I do see the point, and yes, data would be useful, but I think I agree with 
Bill on this.  For reading data, while random locations are likely to be fast 
in terms of using multiple disks, that data is also likely to be spread and so 
is almost certain to result in more disk seeks.  Whereas if you have contiguous 
data you can guarantee that it will be striped across the maximum possible 
number of disks, with the minimum number of seeks.  As a database admin I would 
take guaranteed performance over probable performance any day of the week.  
Especially if I can be sure that performance will be consistent and will not 
degrade as the database ages.

One point that I haven't seen raised yet:  I believe most databases will have 
had years of tuning based around the assumption that their data is saved 
contigously on disk.  They will be optimising their disk access based on that 
and this is not something we should ignore.

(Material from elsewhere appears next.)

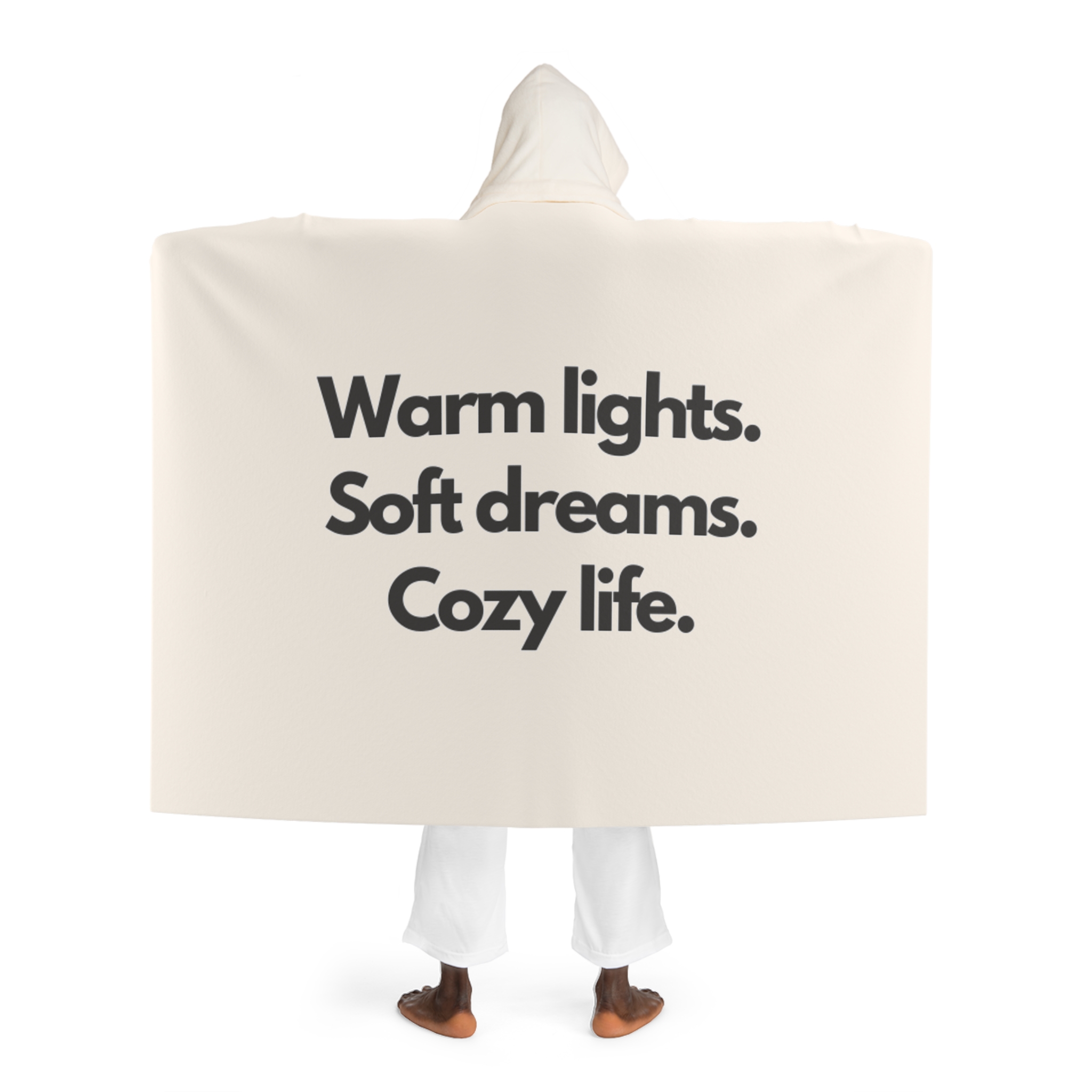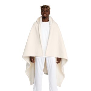 Wrap yourself in a quiet, cozy hush. This hooded sherpa fleece blanket is more like a wearable refuge —thick, plush fleece that settles around your shoulders and a cream sherpa-lined hood that cradles your neck. It drapes long and generous, so you can curl on the couch, move from bed to porch, or hold a book and a mug without worrying about cold drafts. The neutral cream tone reads warm and calm in any room, and the soft, durable polyester keeps its shape and recovers quickly after use. It feels like slowing down, one soft fold at a time.

Yes, until we have data to demonstrate the problem it's just theoretical.  
However that may be hard to obtain and in the meantime I think the theory is 
sound, and the solution easy enough that it is worth tackling.

I definately don't think defragmentation is the solution (although that is 
needed in ZFS for other scenarios).  If your database is under enough read 
strain to need the fix suggested here, your disks definately do not have the 
time needed to scan and defrag the entire system.

It would seem to me that Nathan's suggestion right at the start of the thread 
is the way to go.  It guarantees read performance for the database, and would 
seem to be relatively easy to implement at the zpool level.  Yes it adds 
considerable overhead to writes, but that is a decision database administrators 
can make given the expected load.  

If I'm understanding Nathan right, saving a block of data would mean:
 - Reading the original block (may be cached if we're lucky)
 - Saving that block to a new location
 - Saving the new data to the original location

So you've got a 2-3x slowdown in write performance, but you guarantee read 
performance will at least match existing filesystems (with ZFS caching, it may 
exceed it).  ZFS then works much better with all the existing optimisations 
done within the database software, and you still keep all the benefits of ZFS - 
full data integrity, snapshots, clones, etc...

For many database admins, I think that would be an option they would like to 
have.

Taking it a stage further, I wonder if this would work well with the 
prioritized write feature request (caching writes to a solid state disk)?  
http://www.genunix.org/wiki/index.php/OpenSolaris_Storage_Developer_Wish_List

That could potentially mean there's very little slowdown:
 - Read the original block
 - Save that to solid state disk
 - Write the the new block in the original location
 - Periodically stream writes from the solid state disk to the main storage

In theory there's no need for the drive head to move at all between the read 
and the write, so this should only be fractionally slower than traditional ZFS 
writes.  Yes the data needs to be flushed from the solid state store from time 
to time, but those writes can be batched together for improved performance and 
streamed to contiguous free space on the disk.

That would appear to then give you the best of both worlds.